Le jeune sage et le vieux fou (The Wise Young Man and the Old Fool) is an opera by the French composer Étienne Méhul with a libretto by François-Benoît Hoffman. It takes the form of a comédie mêlée de musique (a type of opéra comique) in one act. It was first performed at the Théâtre Favart in Paris on 28 March 1793. A revised version appeared in 1801.

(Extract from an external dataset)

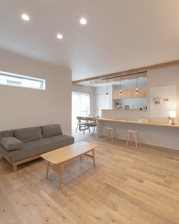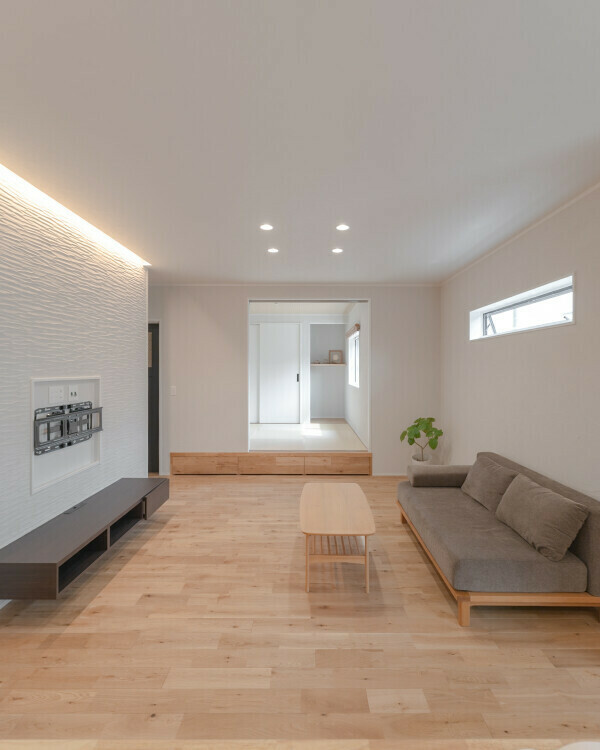 リビングは高窓からやさしい光を取り込み、外からの視線をそっと遮ってくれる。
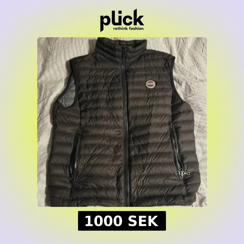 Säljer en svart dunväst från Colmar med quiltad design och hög krage. Västen har två fickor med dragkedja och Colmar-logga på bröstet. Perfekt att slänga över en hoodie eller tröja när det är kyligt ute. Stängs med dragkedja framtill.

The opera was well received. A review in the Chronique de Paris of 1 April described the music as "by turns original, witty and romantic." According to David Cairns, this marks the first reference to Romanticism in music. The overture musically depicts the two main characters: unaccompanied flutes represent the wise young man and cellos, trombones and basses the old fool. Variations on these themes recur throughout the score.

==Roles==

| Role | Voice type | Premiere cast |
|---|---|---|
| Merval | taille (baritenor) |  |
| Cliton, Merval's son | soprano |  |
| Élise, a widow | soprano |  |
| Rose, Élise's niece | soprano |  |
| Frontin, a valet | spoken |  |

==Synopsis==

Méhul in 1799; portrait by Antoine Gros

Cliton is a 16-year-old obsessed with appearing wise. His father, Merval, is over 60 and a libertine, much to the embarrassment of his son. Cliton thinks marriage will make Merval more responsible and urges him to take the young and sensible Rose as his wife while Cliton himself plans to marry Rose's aunt, the prudish Élise. However, it emerges Rose is secretly in love with Cliton and Merval persuades his son to marry her instead while Merval will marry the aunt. After more comic confusion, Élise finally accepts this state of affairs.

==Recordings==
The overture appears on: Méhul Overtures, Orchestre de Bretagne, conducted by Stefan Sanderling (ASV, 2002) Catalogue number CD DCA 1140.